I growl, but I can tell just by looking at him that fear of being discovered by Diablos is overpowering any threat I pose to him. Violence won’t work anymore.

 

“Midnight,” I confirm. “You better be there.”

 

He scurries off without a word. I watch through the window as he crosses the street. Then he is gone.

 

I’m left standing alone in the diner to process the torrent of information that Cesar just unleashed on me. A vanished cartel rising from the dead, on the prowl for a place to take root, all under the reign of a new leader? Someone nobody has ever seen or heard of before? I’m troubled by all of it.

 

I need to know more. Any detail could be the difference maker for the Inked Angels’ survival. Cesar said that El Diablo Blanco has been feeding us false information. How is that possible? Mortar is too careful to be fooled.

 

The club needs to know what’s happening. I step outside and find a pay phone booth on the street. Shoving a few coins in the slot, I dial Mortar’s private line. It rings and rings, the connection sounding tinny and fragile. No one answers. I hang up, frustrated, torn on whether to hurry back to Galveston to tell them what I’ve learned, or to wait and meet Cesar in case he learns anything else valuable.

 

I’m hesitant to wait until tomorrow to leave, but I don’t see another choice. Cesar knows things that could stave off a flood of violence. He better fucking be there.

 

I shake my head sadly, consumed by conflicting thoughts that buzz around my head like flies. There is too much strangeness for me to understand. But it terrifies me nonetheless. I don’t think we’re ready for what’s coming.

 

We must get ready, though. Before it’s too late.

Chapter 8

 

Rose

 

My whole body is flushed and tingling when I wake up. My breathing comes rapidly and shallowly.

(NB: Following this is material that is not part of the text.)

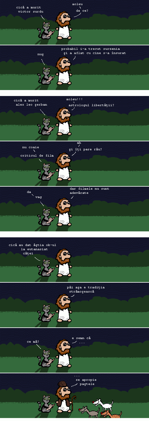 Dragii mei, care va să zică vă rog fain să mă scuzaţi că n-am fost pe-aici să vă încânt dar, printre altele, am dat iama în locantele chinezeşti din cartier, am dormit ca un porc, l-am comemorat pe Dan Mizrahy şi chiar mai mult decât atât, mi-am omorât şi reînviat calculatorul cu Win XP, singurul pe care pot face Mîţe pentru voi.

The dream is lingering on the backs of my eyelids, imprinted there by the force and passion I felt while I was asleep.

 

The biker. The desert. His fingers. His words. “You’re mine now, Rose.”

 

The images start to fade away, brushed aside by consciousness, but the feelings remain. It’s like there’s a sun burning in my lower abdomen, pulsing and radiating a heat that would be distracting if it didn’t feel so damn good.

 

This makes no sense. More to the point, it scares me. I don’t know who that man was and I don’t like his sudden appearance in my dreams. I’ve never been a big dreamer, even when I was a little kid. Usually, I fall into deep, undisturbed blackness when I go to bed. On the rare occasions when I do dream, it’s always of mundane nonsense. Dreams of cleaning my apartment, washing dishes at the club, and all the other tawdry things that occupy my waking hours. As if it’s not bad enough to be stuck in this miserable life when I’m conscious, my brain decides I should relive it when I go to sleep.

 

But never before have I had dreams like this. It was so vivid and continuous, one powerful flash of emotion. Fear mixed with craving mixed with coming so hard that even now my toes are cramping and sore. I shudder and force myself to clamber out of bed. I can’t be thinking like this. I certainly shouldn’t be dreaming like this. I need to clear my head.

 

I peel my panties down my legs and step out of them. Tiptoeing across the cold floor, I step into the shower and crank it to a full, icy blast. The water is like needles stabbing into my skin. I gasp as it knocks the breath from my lungs, but I need to stay still. The stream flows down between my breasts, hanging heavy and full. It follows the gentle decline of my stomach, gushes through the soft thicket of my short-clipped pubic hair.

 

The cold water helps to soothe the burning sensation left over from my dream. I close my eyes and imagine steam rising from between my legs as my mound reluctantly cools. The biker stands in my mind’s eye, taunting and bold. I reach out a hand and for a second, I almost swear I can touch him, to feel those rolling muscles knotted beneath my fingertips. “Who are you?” I whisper.

 

That’s how I know I’ve gone too far. If I’ve said it once, I’ve said it a million times: never ask questions.

 

I wrench the handle to the closed position and stand naked, shivering, with my arms wrapped around myself and my teeth chattering.

 

Forget about him, Rose
, I think to myself.
It won’t lead anywhere good.

 

I know I need to listen to myself. But it’s hard to ignore the feeling. Even after that arctic shower, I can still feel a point of intense heat deep in my core. It’s dormant for the moment, but there’s no telling what might spark it and bring it roaring back to life. It might take me over, set me ablaze.

 

It might consume me. Or rather,
he
might.

 

* * *

 

I park my car under the streetlight. I wasn’t supposed to work tonight, but Tomas had called me half an hour earlier, asking if there was any way I could come in to help him out because one of the other cocktail girls had called in sick. I didn’t want to do it, but one look at my crumbling vehicle had convinced me that I needed the money too badly to say no. Thus, here I am. Story of my life.

 

I sit in the driver’s seat for a moment. The engine is crackling as it sighs into stillness. Rivets and gears groan down, tired from bouncing along the shitty, pothole-stricken roads of El Cruce. I thought I would be more upset by coming back to the parking lot after all the things that had happened the last time I was here. But I feel strangely calm. Letting bad things go, putting them in the past, pretending they never happened—that’s what I am best at. This is no different. I shove the memory into a locked drawer in my mind and leave it there.

 

Even when I see a smear of blood on the asphalt as I stride towards the building in front of me, I don’t get fazed.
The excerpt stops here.